Architecture diagram coming soon
This project documents a full, iterative build of an image captioning pipeline across 6 architectures. Each iteration introduced a specific hypothesis, tested it, and informed the next design. All training was done on Kaggle (2× T4 GPU).
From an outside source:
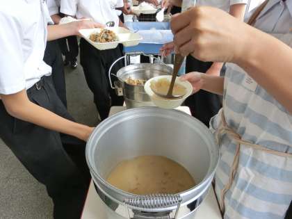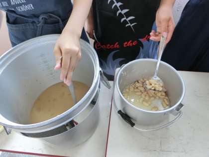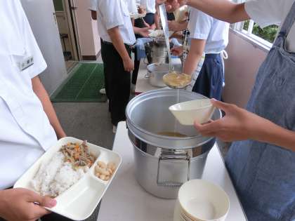 今日のメニューは、「とうがん・おくら・豆腐の味噌汁」「牛丼」「大福豆の煮もの」でした。ヨーグルト付きです。

| Version | Architecture | Dataset | BLEU-4 |
|---|---|---|---|
| v1 | InceptionV3 + LSTM + Bahdanau attention | Flickr30k | 0.0674 |
| v2 | InceptionV3 + multi-head attention | Instagram (~21k) | — (Instagram eval) |
| v3a | ConvNeXt-Tiny (multi-scale) + custom Transformer | Flickr30k | Phase 1 baseline |
| v3b | ConvNeXt-Tiny (multi-scale) + Perceiver + GPT-2 | Flickr30k | 0.0656 (Phase 2d) |
| v3c | Same as v3b, COCO fine-tuned | COCO 118k | 0.1341 |
| v3d | Same as v3b, Instagram fine-tuned | CLIP-filtered Instagram | 0.0711 (recovery) |
Image (224×224)
│
▼
ConvNeXt-Tiny (frozen)
│ spatial feature map: (B, 49, 1024)
▼
Perceiver
│ learnable latents cross-attend to image features
│ output: (B, 64, 768)
▼
GPT-2 (gpt2-small, 12 layers)
│ cross-attention injected after every block
│ loss: CrossEntropyLoss(ignore_index=50256)
▼
Caption tokens → decoded text
Key design decisions:
- ConvNeXt-Tiny pre-computed features stored in LMDB (6 shards) — avoids re-encoding every epoch
- Perceiver compresses 49 spatial tokens to 64 learnable latents before GPT-2
- Cross-attention injected into GPT-2 rather than prepend — cleaner separation of vision and language streams
- Gradient checkpointing enabled in
__init__before extracting component references (shared Python objects) MAX_LEN = 64,BATCH_SIZE = 32(reduced from 64 after GPU OOM in Phase 2b)
| Phase | Setup | Epochs | LR | BLEU-4 |
|---|---|---|---|---|
| 2a | Perceiver only, GPT-2 frozen, prepend | 25 | 1e-4 | — |
| 2b | Perceiver + GPT-2 jointly, prepend | 25 | P: 1e-5 / G: 1e-6 | 0.0336 |
| 2c | CrossAttention only, rest frozen | 25 | 1e-4 | — |
| 2d | All components, injection architecture | 25 | 1e-5 | 0.0656 |
Phase 2d loads Perceiver + GPT-2 weights from 2b and CrossAttention from 2c.
| Phase | Data | BLEU-4 |
|---|---|---|
| 3a | COCO 50k subset | 0.1331 |
| 3a extended | Full COCO 118k (continuing from 3a weights) | 0.1341 |
CLIP (ViT-B/32) cosine > 0.27 filter retained 4,022 samples from the raw Instagram dataset — only 11.5%, confirming how noisy Instagram captions are. All BLEU evaluation in v3d is on Flickr30k val (3,179 images, 5 references each).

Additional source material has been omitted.